宜雪這一番話,讓趙引吃了一驚,他可不敢隨意做這種事情,他不是凡真,更不是光明王。
他立即搖頭,連忙擺手,臉色微變:“宜將軍,你是意城城主,本來大軍由你領導,纔是正理,如今你我軍職相同,不能談及誰領導誰,但將軍是先天高手,足以抵擋數千敵軍,可上陣殺敵,趙某希望凡事都可以我們二人共同決斷,你若無奈上陣了,我便暫時指揮大軍。”
“這樣也好。”宜雪點點頭,同意了這種做法。
一小會兒之後,宜雪似乎想到什麼,接着問:“對了,趙將軍,是副統領請你過來援助的麼?”
“是,也不是,之後你會明白的,現在努力守住城池,纔是重中之重。”趙引不願正面回答。

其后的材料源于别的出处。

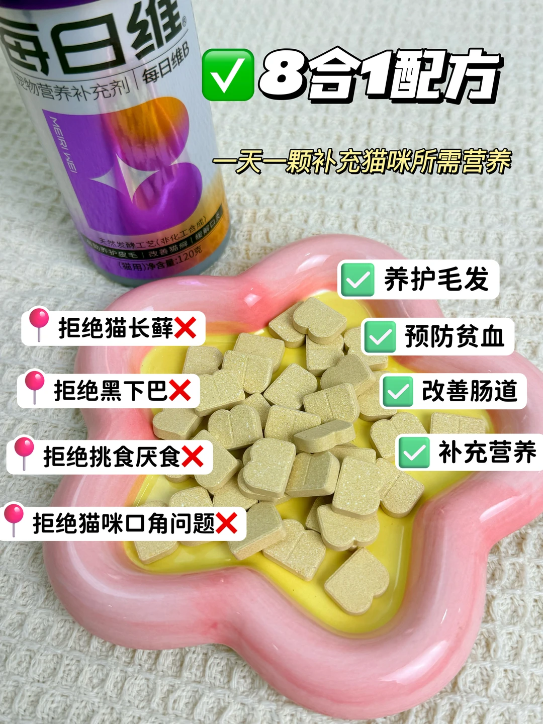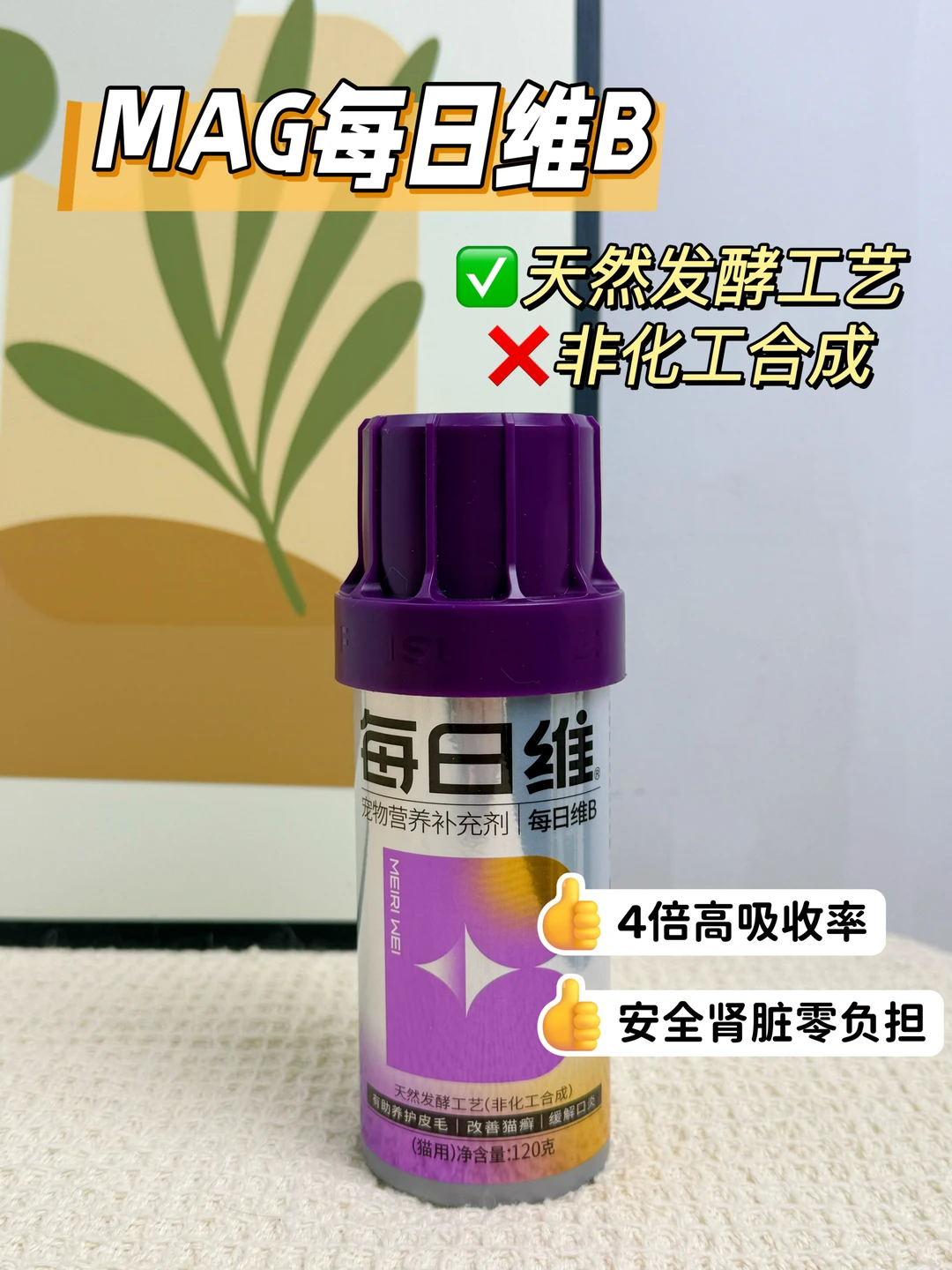 🤦♀️由于我家百万前段时间很挑食、总是舔塑料袋、纸壳子,在做完功课后,才知道是该补充维生素B了。👉入手了MAG每日维B,采用的天然发酵工艺!✨ 比化工合成的维生素好吸收太多,直接吃1片顶4片,生物利用率拉满,很安全猫咪肾脏0负担。✔每一片富含8种天然酵母B族维生素,营养一步到位~

見趙引不願回答,宜雪不再多問這事,只是給趙引分析了目前的形勢:敵軍勢大,攻擊猛烈,戰鬥力極強,明明是攻擊的一方,軍械並不厲害,傷亡卻比王朝軍隊還要少。
按照宜雪的想法,若是沒有援軍的話,再有幾個時辰,估計到晚上戌時的時候,意城就要淪陷了,所以趙引這時候率領大軍前來助陣,無異於雪中送炭,緩解了意城的困局。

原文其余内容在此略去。